Light Induced Physical-biogeochemical Implications in the Arctic Ocean: a Coupled Sea-ice – Ocean – Ecological Modeling Study

Currently, the most rapid increase in near-surface air temperature takes place in the Arctic, accompanied by reduced sea ice concentration. Under the resulting retreat of sea ice, the underwater shortwave radiation and, thus, the amount and types of phytoplankton may change. In this study, we use a coupled sea-ice – ocean – ecological model (Darwin-MITgcm) to simulate the variability of the ocean’s major optically active constituents, comprising six phytoplankton functional types (PFTs) and colored dissolved organic matter (CDOM), in response to Arctic amplification. We further set up the general circulation model to account for the biogeochemical processes, in terms of light attenuation, so that their feedback on Arctic Ocean’s physical and biogeochemical properties can be assessed. Here, for the first time, CDOM is included in the underwater light attenuation scheme as a prognostic model variable that interacts with the changes induced by its presence.
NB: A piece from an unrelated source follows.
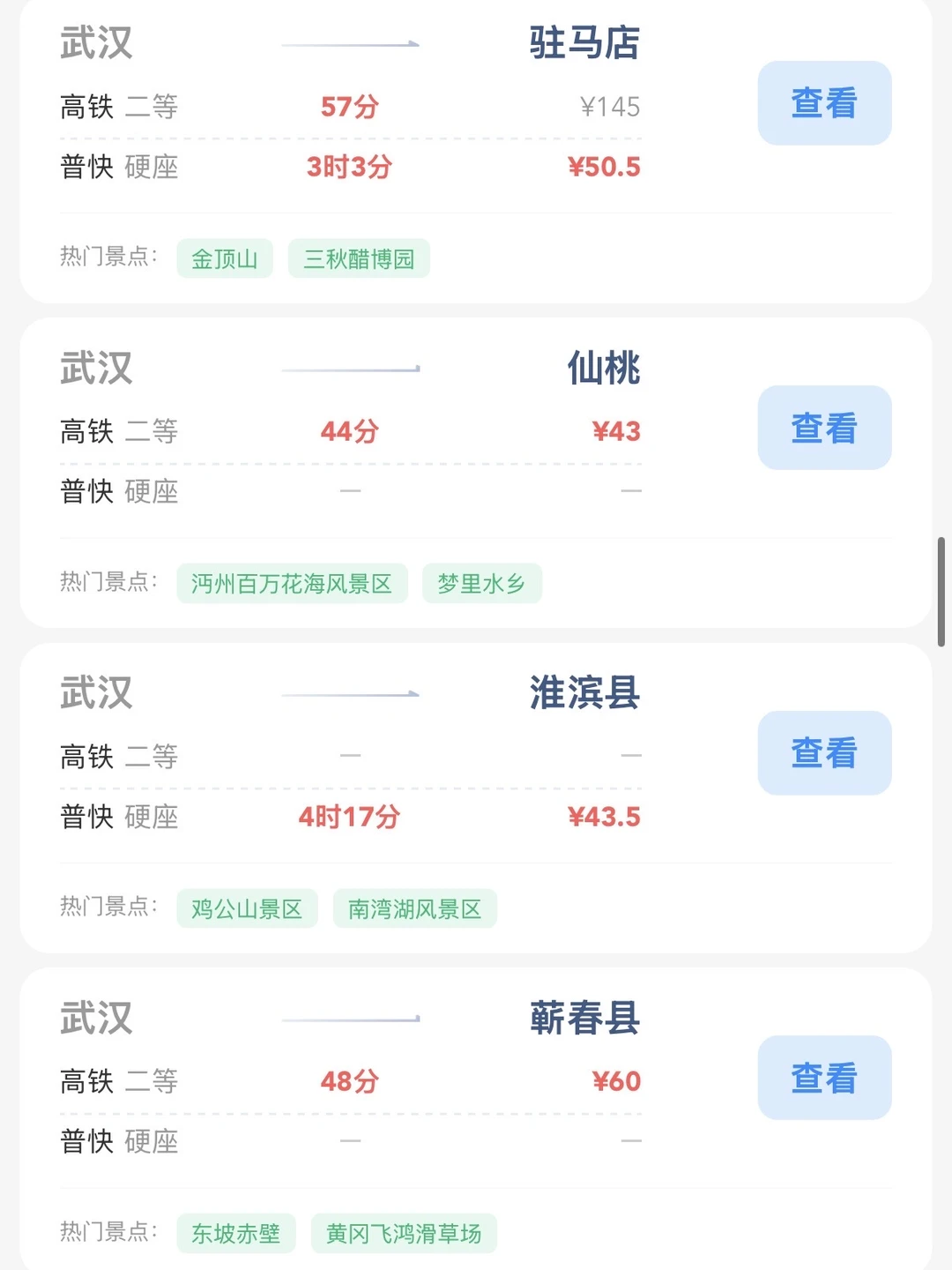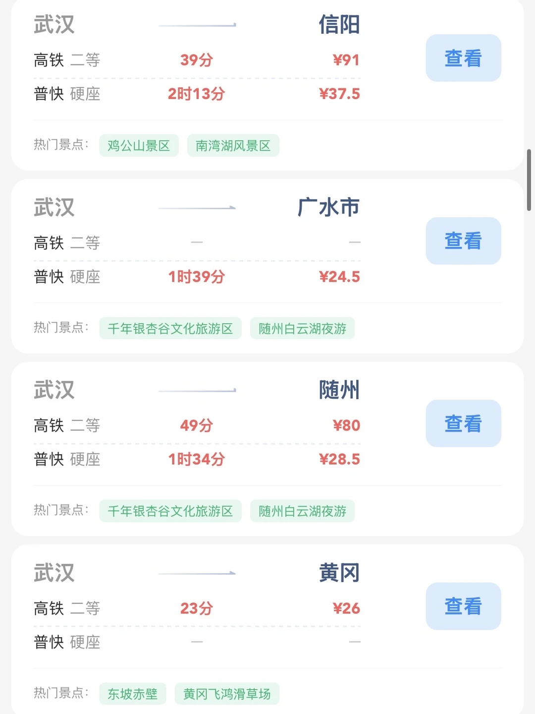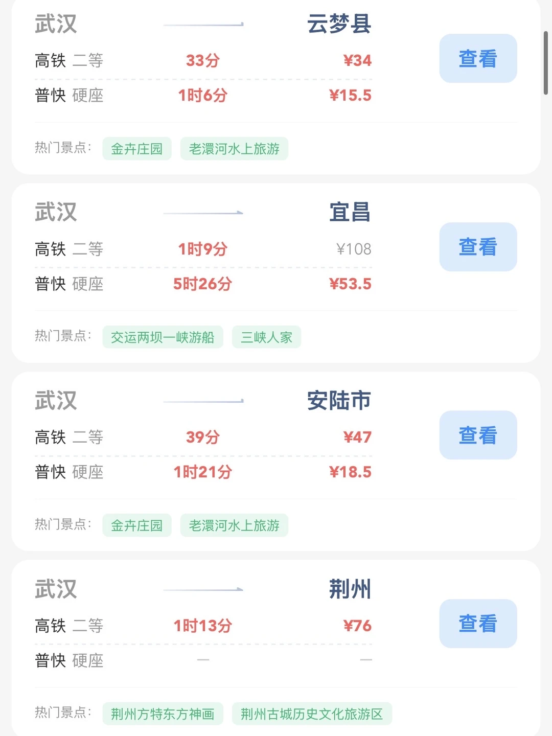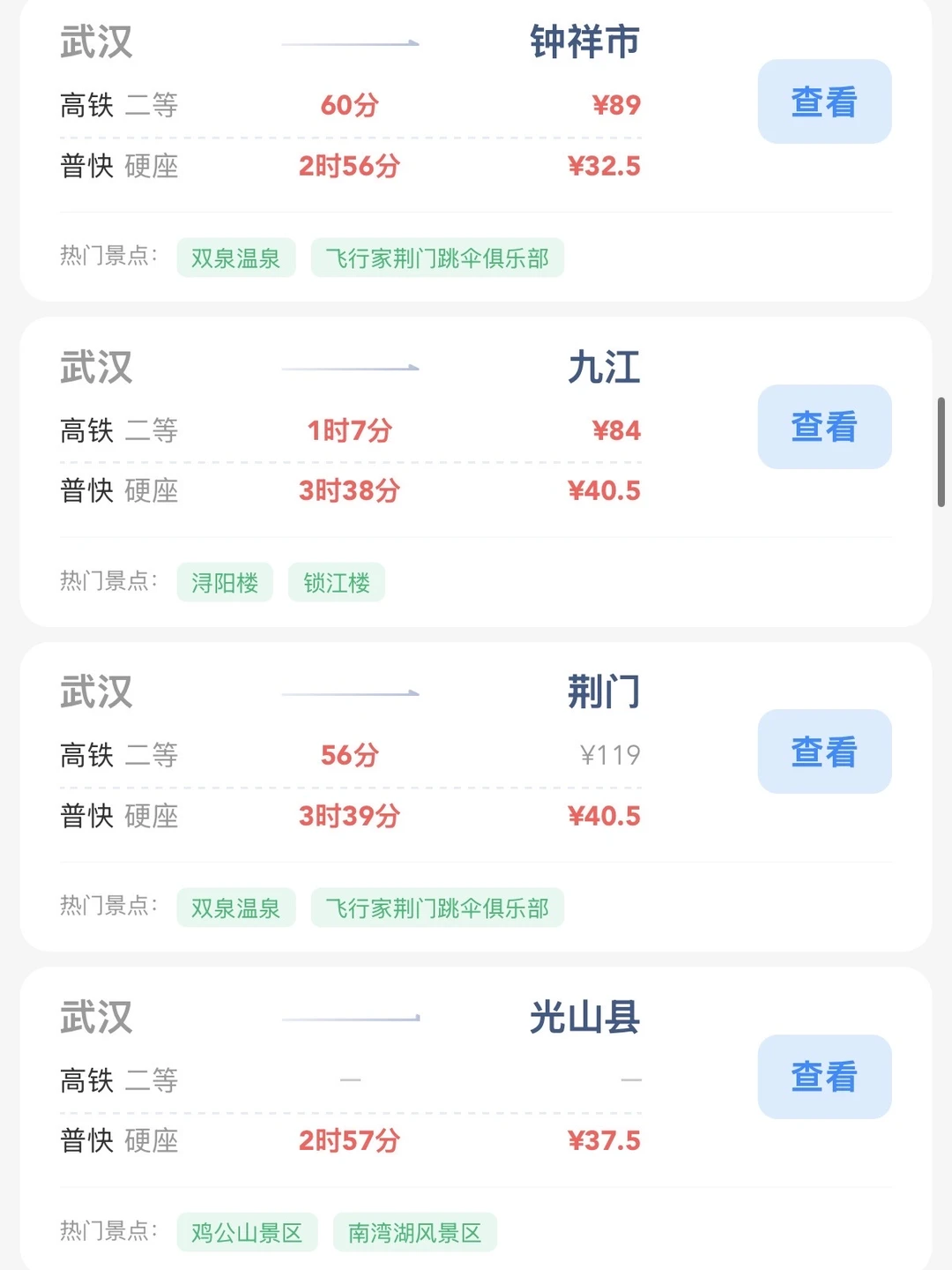 熬夜帮大家整理出了一份武汉出发一百块的火车票就能直达的旅游城市合集

The coupled model simulation, allowing to consider explicitly the optical constituents, is compared with a constant attenuation depth formulation corresponding to Jerlov water type I, which is the case in most ocean models. Our findings suggest that the presence of CDOM and phytoplankton, by modulating the vertical distribution of the incoming light, affects significantly the upper ocean thermal structure. The promotion of heat-trapping near the surface results in summertime warming, locally even in more than 1°C, and to sea ice reduction. These changes have implications to upper ocean stratification and are accompanied by changes in nutrients supply, as well as in total but also partial PFTs chlorophyll-a.